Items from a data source

---*---

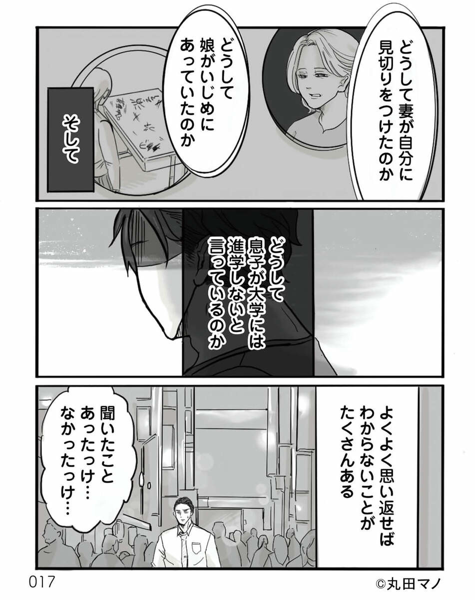 【漫画】娘がいじめで悩んでいた時の記憶さえ曖昧…。家族をないがしろにし続けた父親に、娘から強烈なひと言!【離婚リセット 妻から別れを切り出された夫②】
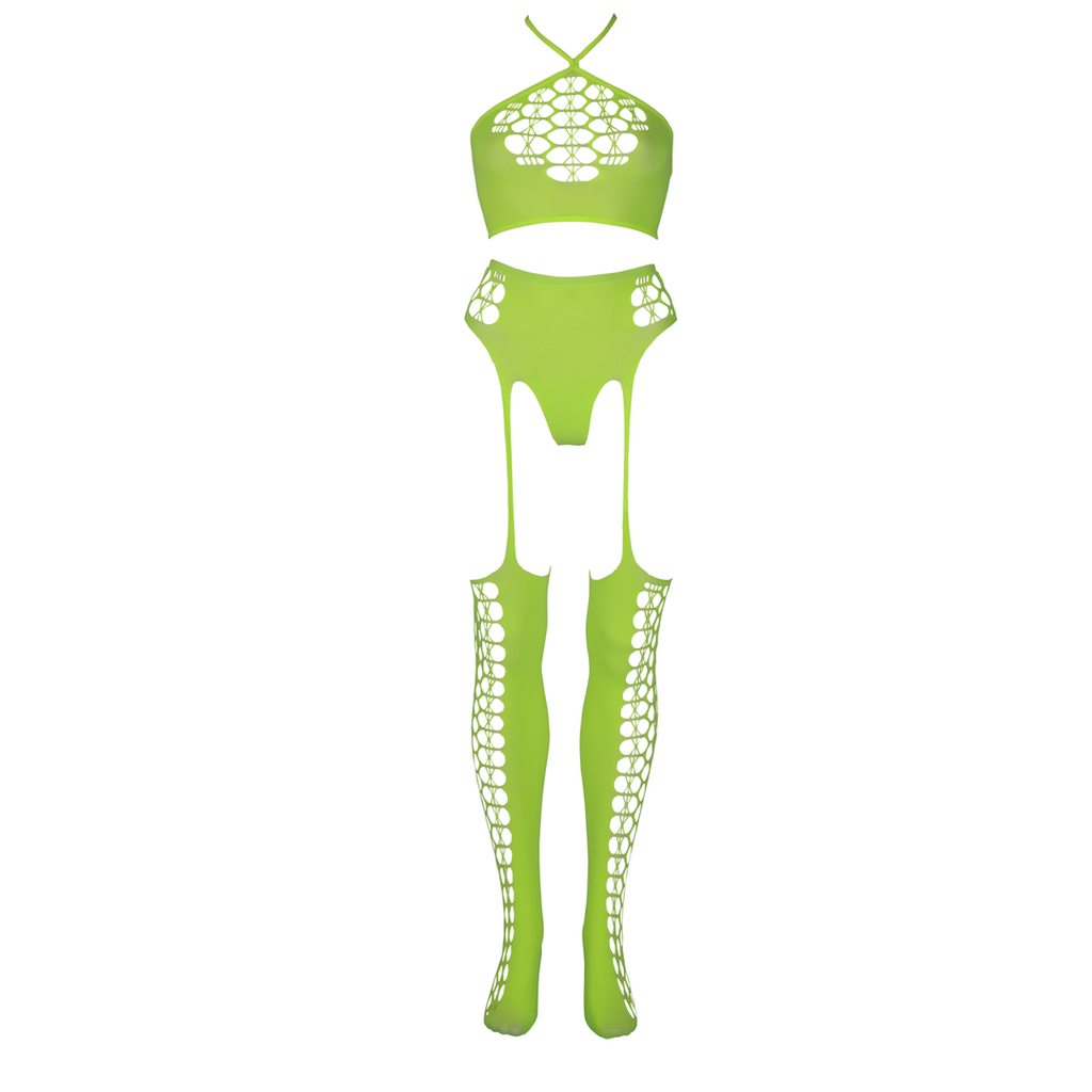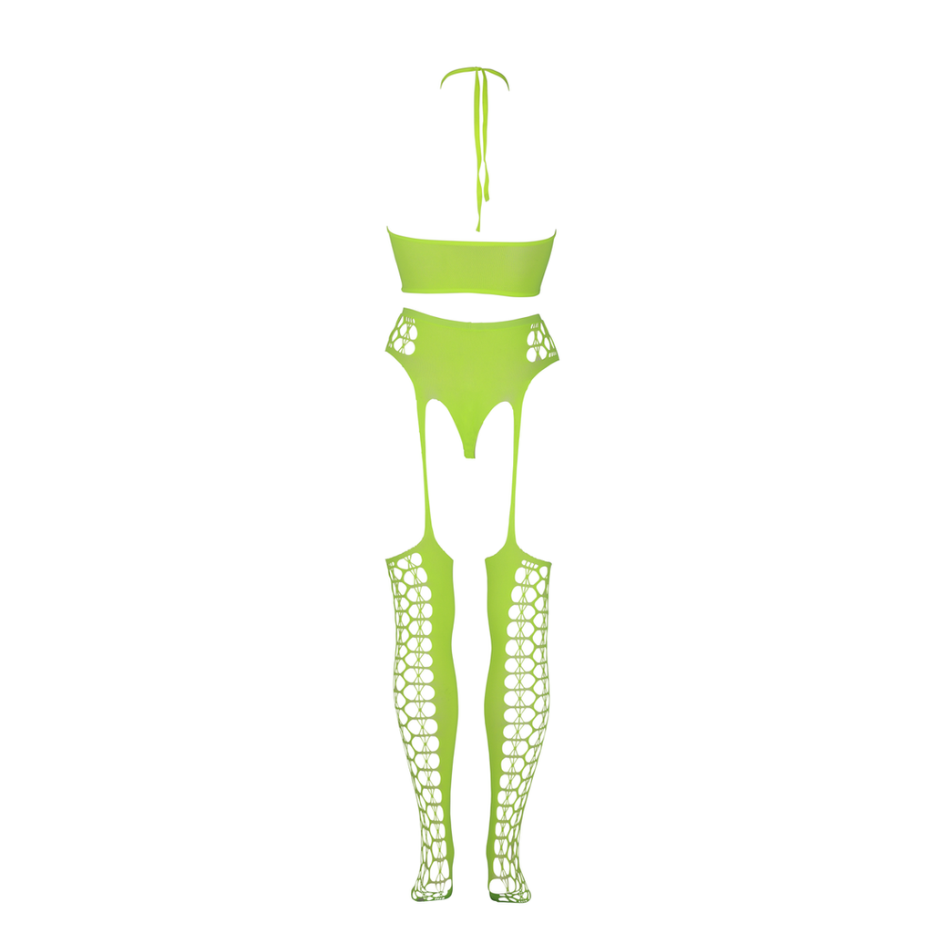 Todelt med crop top og strømper - Plus Size - Neon Green
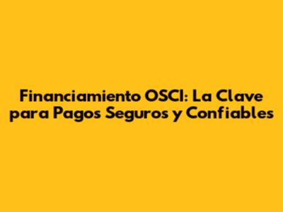 Financiamiento OSCI: Pagos Seguros Y Confianza Total
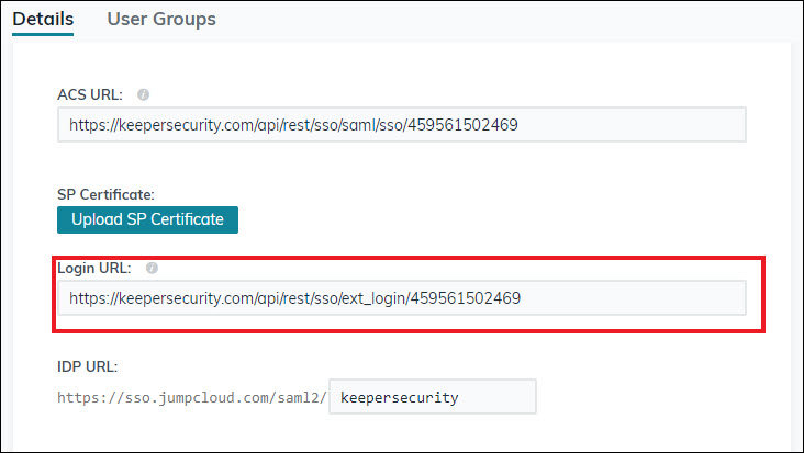 - For Login URL, enter https://keepersecurity.com/api/rest/sso/ext_login/<YourSSOIdHere>. You can find your SSO ID at the end of your SP Entity ID: https://keepersecurity.com/api/rest/sso/saml/459561502469
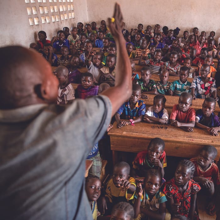 中央アフリカ共和国では、長いあいだ紛争が続き、たくさんの人が避難を強いられています。もともと足りていなかった学校の先生たちが、避難先から戻れなくなってしまい、教員不足が加速しています。この小学校では、200人もの子どもがひとつの教室でまなんでいて、全校生徒は2300人以上です。子どもたちは午前と午後の半分ずつに分かれて授業を受けていますが、資格を持った先生はたった5人。ユニセフは、先生の不足をおぎなうため、保護者や地域の人々にも研修をおこなって、臨時教員を養成しています。
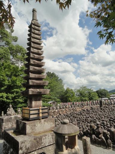 Keywords: sagano japan landscape markers stones temple faith religion summer spring landmark historical spire architecture outside sky clouds destinations forest trees woods
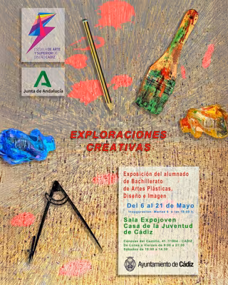 La Casa de la Juventud del Ayuntamiento de Cádiz acogerá de la exposición 'Exploraciones Creativas: Expresiones del Bachillerato Artístico', una muestra organizada por la Escuela de Arte y Superior de Diseño de Cádiz con la colaboración de la Delegación de Juventud e Infancia que exhibe los trabajos realizados por el alumnado de Bachillerato de Artes Plásticas, Diseño e Imagen.
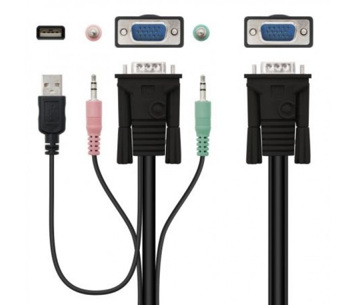 Especificación:. Conexiones CPU: 2 Sub-D 15pin macho, 2xUSB macho, 4x Jack 3.5. Conexiones consola: 3xUSB hembra + 1 VGA HDB 15pin hembra + 2 Jack 3.5. Cables incluidos: 2xVGA, 2xJack 3.5(auriculares), 2xJack 3.5(micrófono), 2xUSB. Resolución máxima:1920x1440, ancho de banda: 250 Mhz. Indicador LED para comprobación de estado. Selección de PC mediante botón o comando de teclas. Requisitos mínimos de sistema: Monitor, teclado y ratón USB, 2 ordenadores (PC u ordenador portátil) con puerto USB 1.1 o 2.0 libre. Longitud: 1.4 metros. Color: Negro. NormativaS: RoHS. Test de Funcionamiento: 100% testado
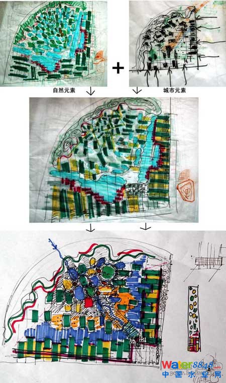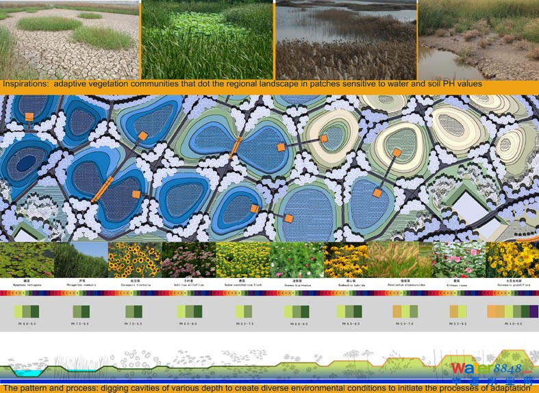 3 設(shè)計(jì)理念:讓自然工作。在不同的補(bǔ)丁有不同的水和土壤PH值,引發(fā)各自的生境適應(yīng)過(guò)程。靈感來(lái)自于場(chǎng)地中棲息地斑塊的PH值對(duì)水的敏感性。
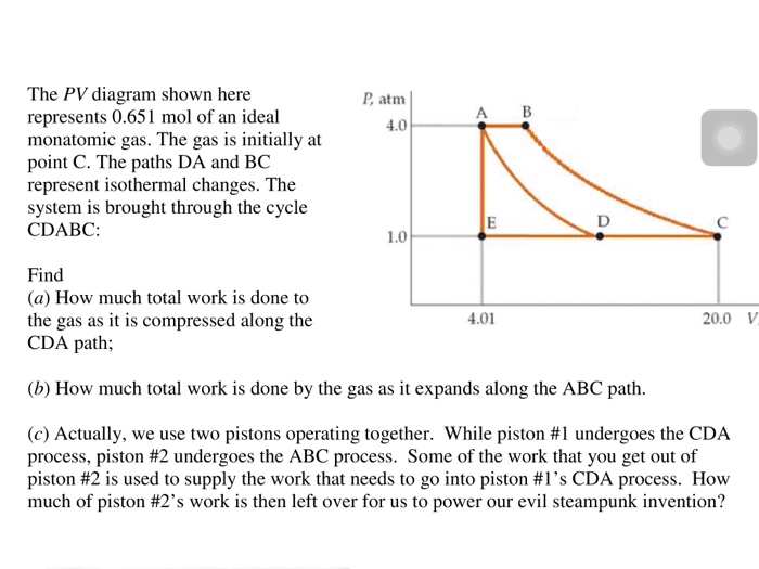 What are PV diagrams? (article) - Khan Academy Let's say our gas starts out in the state shown in the PV diagram below. If we press the piston downward, the volume of the gas will decrease, so the state must shift to the left toward smaller volumes (as seen in the diagram below). Since the gas is being compressed we can also say for sure that positive work is being done on the gas.
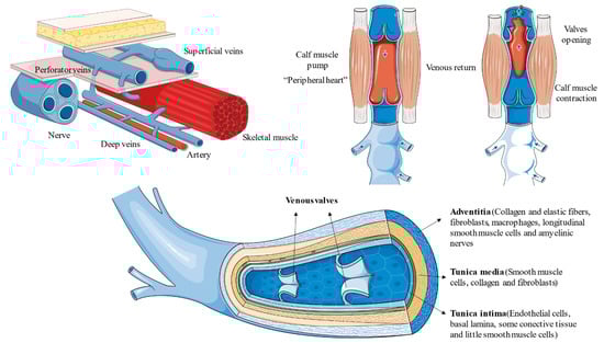 Varicose veins (VVs) are the most common manifestation of CVD. Other venous signs of CVD include telangiectasias and reticular veins. Despite these, clinical signs may affect any vein in the body, the venous system located in the lower limbs is often the most vulnerable structure to suffer CVD []. This is mainly due to the increased resistance to overcome by the gravitational force, which is notably higher than the rest of regions in the body. In the lower limbs, three great systems may be distinguished: superficial veins, represented mainly by the great saphenous vein, the small saphenous vein, the anterior accessory saphenous vein and their tributaries; deep veins, the major transporter of blood flow; and perforating veins, connecting both systems []. From a histological perspective, veins are conformed by three layers: (1) tunica intima or inner layer, mainly conformed by endothelial cells (ECs); (2) the tunica media or media layer, represented by vascular smooth muscle cells (SMCs) and little elastic fibers; and (3) tunica adventitia or outer layer, which is composed by connective tissue, with an important development of elastic fibers, giving the vessel an important support and elasticity []. In the case of VV however, the normal structure of the vein is altered, with prominent changes in the thickness and composition of the venous wall []. In addition, veins present venous valves, bicuspid prolongations from the venous tissue essential to maintain the blood flow in the proper direction, impeding venous reflux []. Furthermore, different muscle pumps act coordinately with the venous valves to assure the unidirectional blood flow. The calf muscle, often named the “peripheral heart”, is especially considered the most prominent enhancer of venous return from lower limbs to heart []. Importantly, failures in both systems are also crucial to understand the pathogenesis and progression of CVD leading to a venous reflux and to venous stasis [,,,]. The anatomy of the venous system in the lower limbs, its physiology, and histology are briefly summarized in Figure 1.
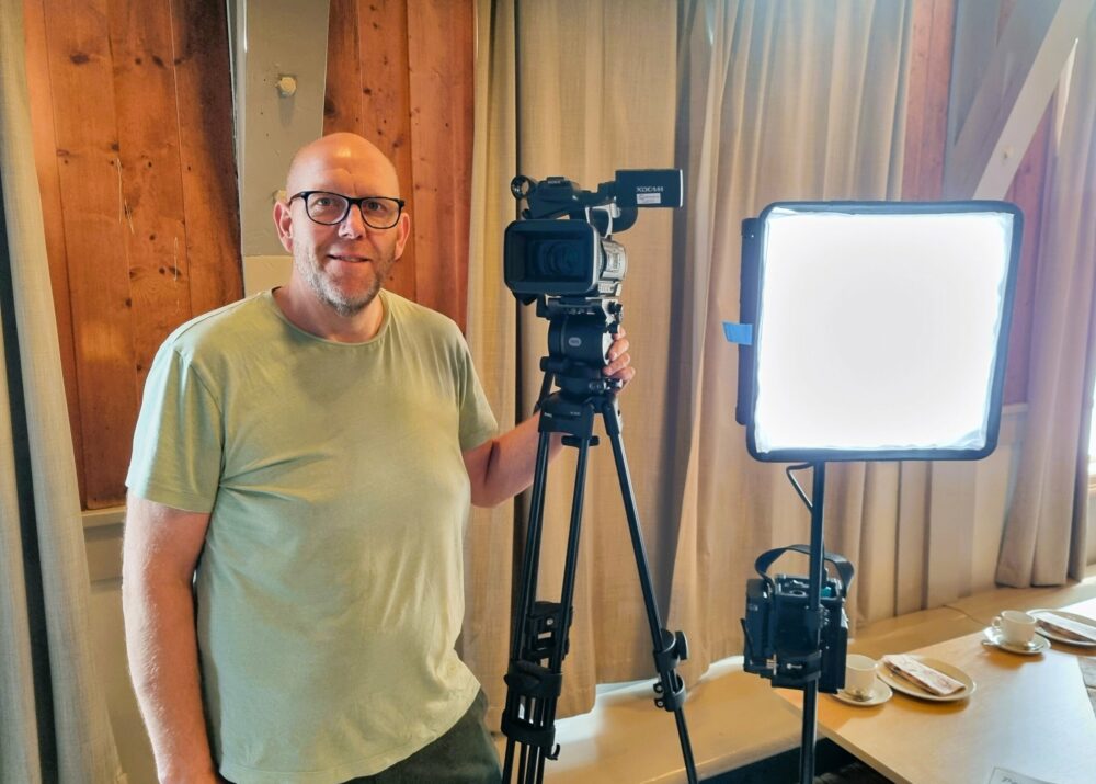 Vårdal Elmedia v/ Karl Petter Vårdal er på plass i Helgheim for klargjering til dokumentasjon av 90 års jubileet til Uskedal Musikklag i morgon. Det er eit oppdrag som krev planlegging og synfaring før sjølve festen. Med fleire kamera, lys og mikrofonar vil Vårdal gjera eit råopptak, som seinare vert redigert. Produketet vert levert musikklaget på ein minnepenn for lagring og arkivering.
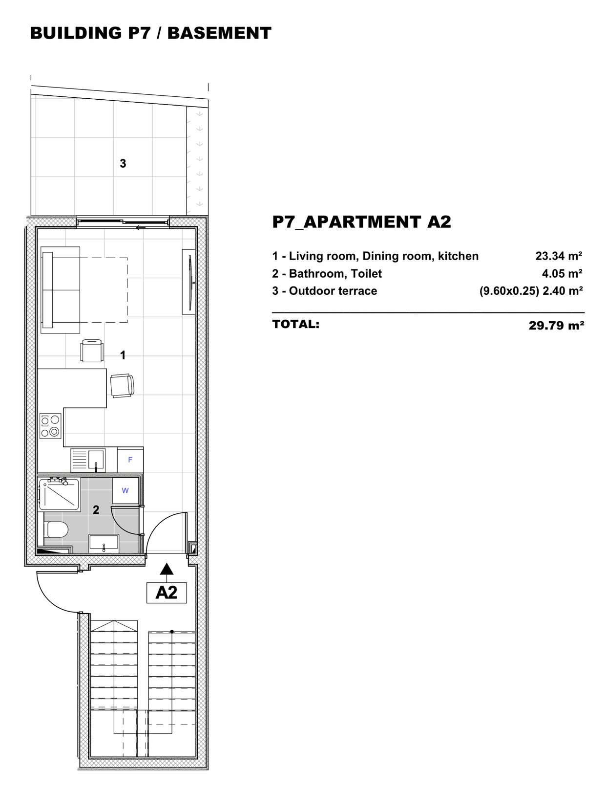 3 - Outdoor terrace ((9.60x0.25) 2.40 m²
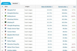 德国转会市场网2025年中超联赛身价年终例行更新今天完成
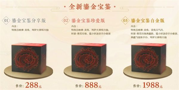 流光四溢,珍品献礼。2019年鎏金宝鉴将为大家带来分享版、珍爱版以及白金版,三个版本内容豪华程度不同售价也不同,大家可以根据自己的选择进行购买,具体内容及售价如下:
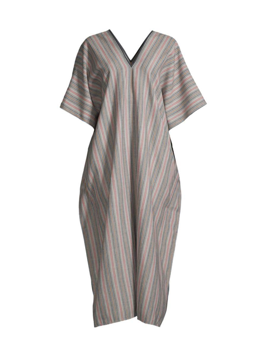 Свободное платье-кафтан с разноцветными полосками и разрезом по низу.

---*---

▶ [TASK DIRECTIONS]:
Every line of the data above should be repeated exactly. Omit the pictures.

▶ [EXPECTED ANSWER]:
 【漫画】娘がいじめで悩んでいた時の記憶さえ曖昧…。家族をないがしろにし続けた父親に、娘から強烈なひと言!【離婚リセット 妻から別れを切り出された夫②】
 Todelt med crop top og strømper - Plus Size - Neon Green
 Financiamiento OSCI: Pagos Seguros Y Confianza Total
 - For Login URL, enter https://keepersecurity.com/api/rest/sso/ext_login/<YourSSOIdHere>. You can find your SSO ID at the end of your SP Entity ID: https://keepersecurity.com/api/rest/sso/saml/459561502469
 中央アフリカ共和国では、長いあいだ紛争が続き、たくさんの人が避難を強いられています。もともと足りていなかった学校の先生たちが、避難先から戻れなくなってしまい、教員不足が加速しています。この小学校では、200人もの子どもがひとつの教室でまなんでいて、全校生徒は2300人以上です。子どもたちは午前と午後の半分ずつに分かれて授業を受けていますが、資格を持った先生はたった5人。ユニセフは、先生の不足をおぎなうため、保護者や地域の人々にも研修をおこなって、臨時教員を養成しています。
 Keywords: sagano japan landscape markers stones temple faith religion summer spring landmark historical spire architecture outside sky clouds destinations forest trees woods
 La Casa de la Juventud del Ayuntamiento de Cádiz acogerá de la exposición 'Exploraciones Creativas: Expresiones del Bachillerato Artístico', una muestra organizada por la Escuela de Arte y Superior de Diseño de Cádiz con la colaboración de la Delegación de Juventud e Infancia que exhibe los trabajos realizados por el alumnado de Bachillerato de Artes Plásticas, Diseño e Imagen.
 Especificación:. Conexiones CPU: 2 Sub-D 15pin macho, 2xUSB macho, 4x Jack 3.5. Conexiones consola: 3xUSB hembra + 1 VGA HDB 15pin hembra + 2 Jack 3.5. Cables incluidos: 2xVGA, 2xJack 3.5(auriculares), 2xJack 3.5(micrófono), 2xUSB. Resolución máxima:1920x1440, ancho de banda: 250 Mhz. Indicador LED para comprobación de estado. Selección de PC mediante botón o comando de teclas. Requisitos mínimos de sistema: Monitor, teclado y ratón USB, 2 ordenadores (PC u ordenador portátil) con puerto USB 1.1 o 2.0 libre. Longitud: 1.4 metros. Color: Negro. NormativaS: RoHS. Test de Funcionamiento: 100% testado
 3 設(shè)計(jì)理念:讓自然工作。在不同的補(bǔ)丁有不同的水和土壤PH值,引發(fā)各自的生境適應(yīng)過(guò)程。靈感來(lái)自于場(chǎng)地中棲息地斑塊的PH值對(duì)水的敏感性。
 What are PV diagrams? (article) - Khan Academy Let's say our gas starts out in the state shown in the PV diagram below. If we press the piston downward, the volume of the gas will decrease, so the state must shift to the left toward smaller volumes (as seen in the diagram below). Since the gas is being compressed we can also say for sure that positive work is being done on the gas.
 Varicose veins (VVs) are the most common manifestation of CVD. Other venous signs of CVD include telangiectasias and reticular veins. Despite these, clinical signs may affect any vein in the body, the venous system located in the lower limbs is often the most vulnerable structure to suffer CVD []. This is mainly due to the increased resistance to overcome by the gravitational force, which is notably higher than the rest of regions in the body. In the lower limbs, three great systems may be distinguished: superficial veins, represented mainly by the great saphenous vein, the small saphenous vein, the anterior accessory saphenous vein and their tributaries; deep veins, the major transporter of blood flow; and perforating veins, connecting both systems []. From a histological perspective, veins are conformed by three layers: (1) tunica intima or inner layer, mainly conformed by endothelial cells (ECs); (2) the tunica media or media layer, represented by vascular smooth muscle cells (SMCs) and little elastic fibers; and (3) tunica adventitia or outer layer, which is composed by connective tissue, with an important development of elastic fibers, giving the vessel an important support and elasticity []. In the case of VV however, the normal structure of the vein is altered, with prominent changes in the thickness and composition of the venous wall []. In addition, veins present venous valves, bicuspid prolongations from the venous tissue essential to maintain the blood flow in the proper direction, impeding venous reflux []. Furthermore, different muscle pumps act coordinately with the venous valves to assure the unidirectional blood flow. The calf muscle, often named the “peripheral heart”, is especially considered the most prominent enhancer of venous return from lower limbs to heart []. Importantly, failures in both systems are also crucial to understand the pathogenesis and progression of CVD leading to a venous reflux and to venous stasis [,,,]. The anatomy of the venous system in the lower limbs, its physiology, and histology are briefly summarized in Figure 1.
 Vårdal Elmedia v/ Karl Petter Vårdal er på plass i Helgheim for klargjering til dokumentasjon av 90 års jubileet til Uskedal Musikklag i morgon. Det er eit oppdrag som krev planlegging og synfaring før sjølve festen. Med fleire kamera, lys og mikrofonar vil Vårdal gjera eit råopptak, som seinare vert redigert. Produketet vert levert musikklaget på ein minnepenn for lagring og arkivering.
 3 - Outdoor terrace ((9.60x0.25) 2.40 m²
 德国转会市场网2025年中超联赛身价年终例行更新今天完成
 流光四溢,珍品献礼。2019年鎏金宝鉴将为大家带来分享版、珍爱版以及白金版,三个版本内容豪华程度不同售价也不同,大家可以根据自己的选择进行购买,具体内容及售价如下:
 Свободное платье-кафтан с разноцветными полосками и разрезом по низу.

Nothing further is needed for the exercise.